- PROBLEM STATEMENT: Copy out every line of the data exactly; do not include the images.

- DATA SECTION:
== == ==

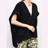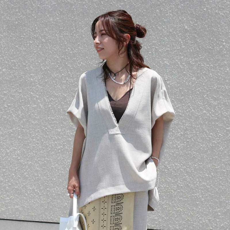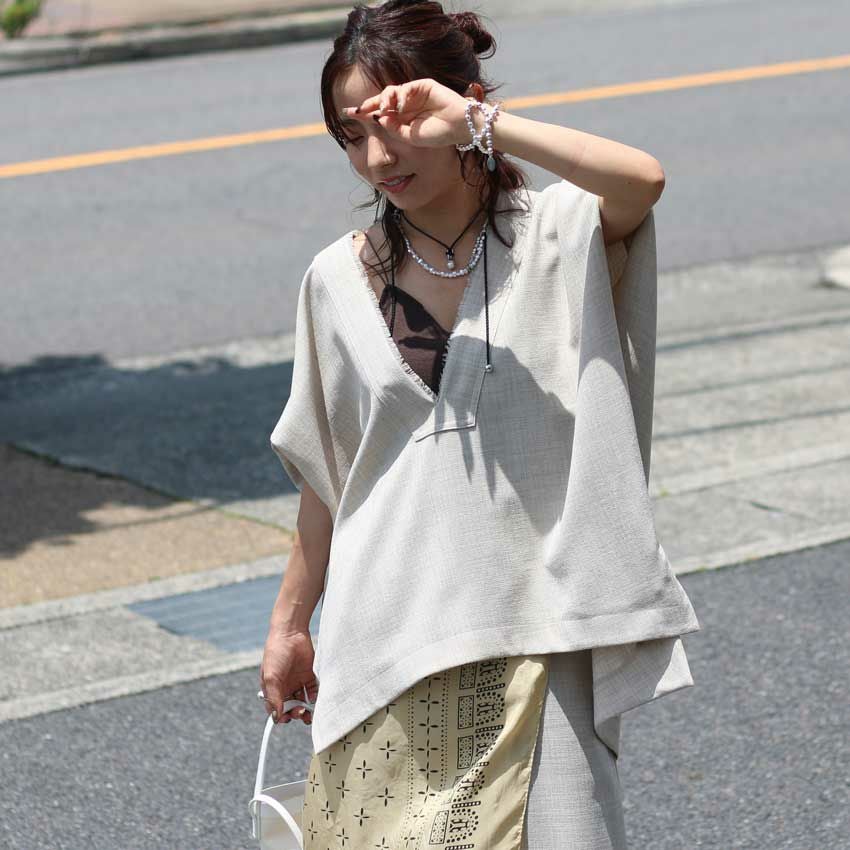 深めのVネックにフリンジを施し、顔周りをスッキリ見せます。
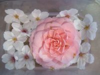 落ちていた椿と桜を拾い、水に浮かべて飾りました。
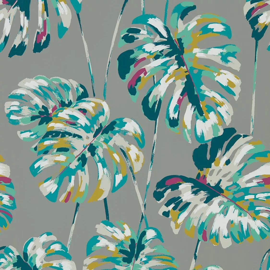 A dramatic, confident depiction of cheese plant leaves on an allover bold motif.

== == ==

- EXERCISE ANSWER:
 深めのVネックにフリンジを施し、顔周りをスッキリ見せます。
 落ちていた椿と桜を拾い、水に浮かべて飾りました。
 A dramatic, confident depiction of cheese plant leaves on an allover bold motif.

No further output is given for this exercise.